Under normal conditions, the default security policy on Windows is to run code under full trust, and calli
will not be
impacted.
In addition, one of the main contributing factors to calli
’s speed improvements is that it skips certain types of call
marshalling that would normally be performed. As such, you may see unexpected results if you rely on them. However,
anything that ADL implements explicit support for will work fine under calli
.
In particular, ADL with calli
supports nullable structs by value or by ref, string and boolean marshalling with
[MarshalAs]
, and normal structs by value and by ref.

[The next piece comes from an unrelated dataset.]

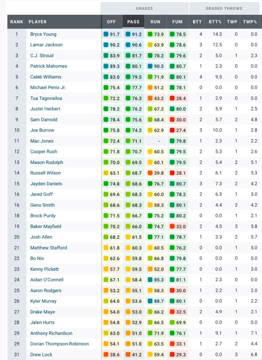 Caleb being ~47.9 or whatever on the season however feels about right: if 50 is a league average season by an NFL QB, he is probably exactly that when you factor in his whole season. Which, for a rookie QB, is totally fine.
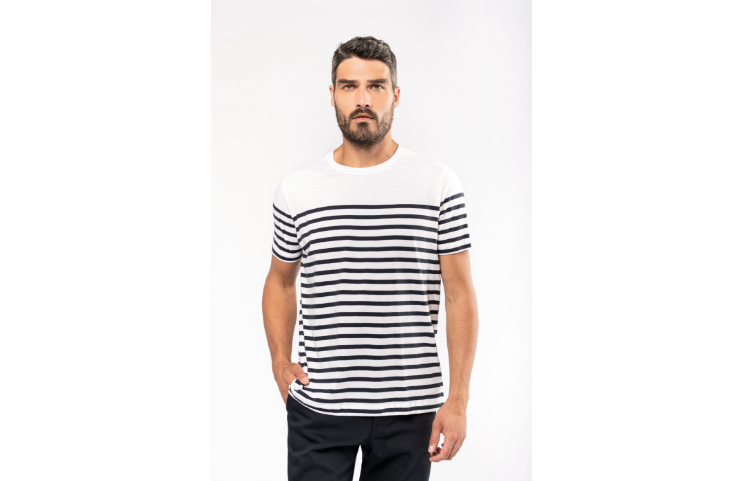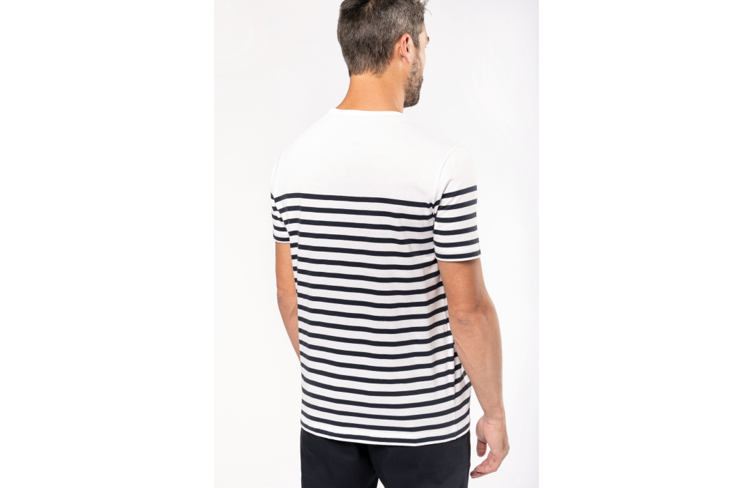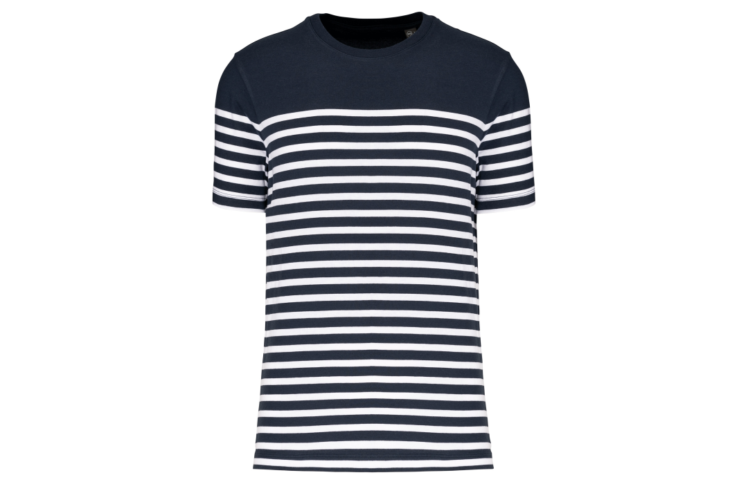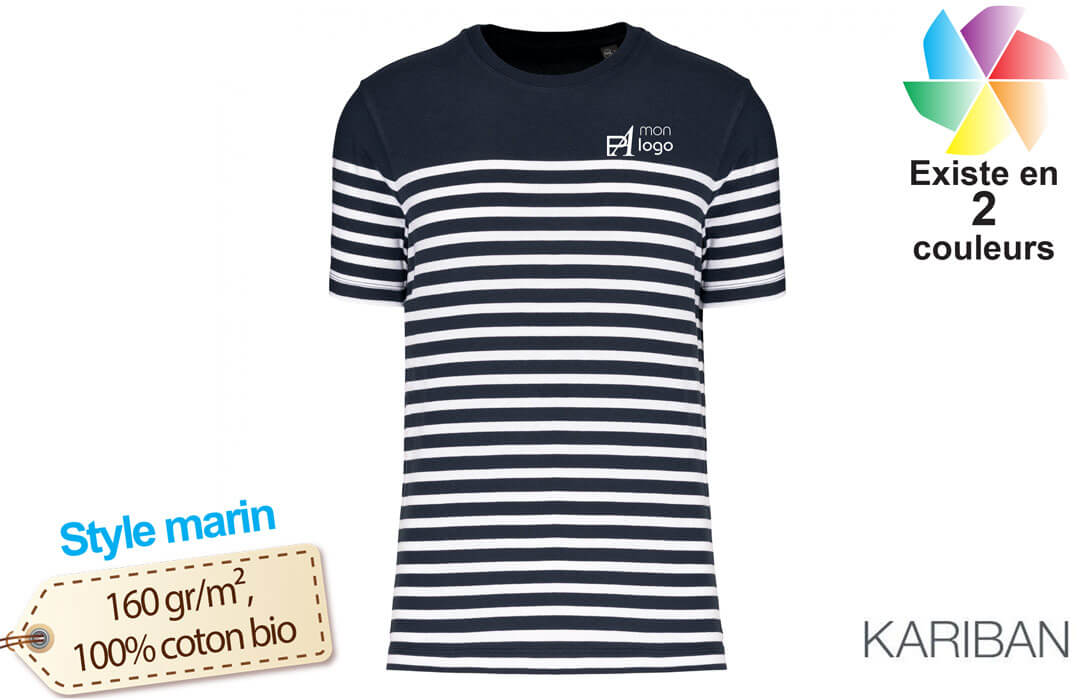 Le t-shirt marinière homme en coton bio personnalisé est un vêtement publicitaire durable et élégant, idéal pour habiller vos équipes ou promouvoir votre marque avec style. Confectionné en coton peigné lavé aux enzymes, il assure un toucher doux, une excellente tenue dans le temps et une parfaite imprimabilité pour vos marquages professionnels. Ce t-shirt à rayures, inspiré du vestiaire marin, conjugue confort, image premium et engagement écoresponsable, un atout de choix pour vos opérations de communication textile.

Furthermore, when running under 32-bit .NET Core on Windows, calli
is restricted to the __fastcall
calling
convention, and will ignore any hints to the contrary. This calling convention limitation is present on all .NET Core
platforms, but is only relevant on x86. Calling conventions are, by design, ignored on other platforms in native code.
The limitation in question is scheduled to be fixed in .NET Core 2.1.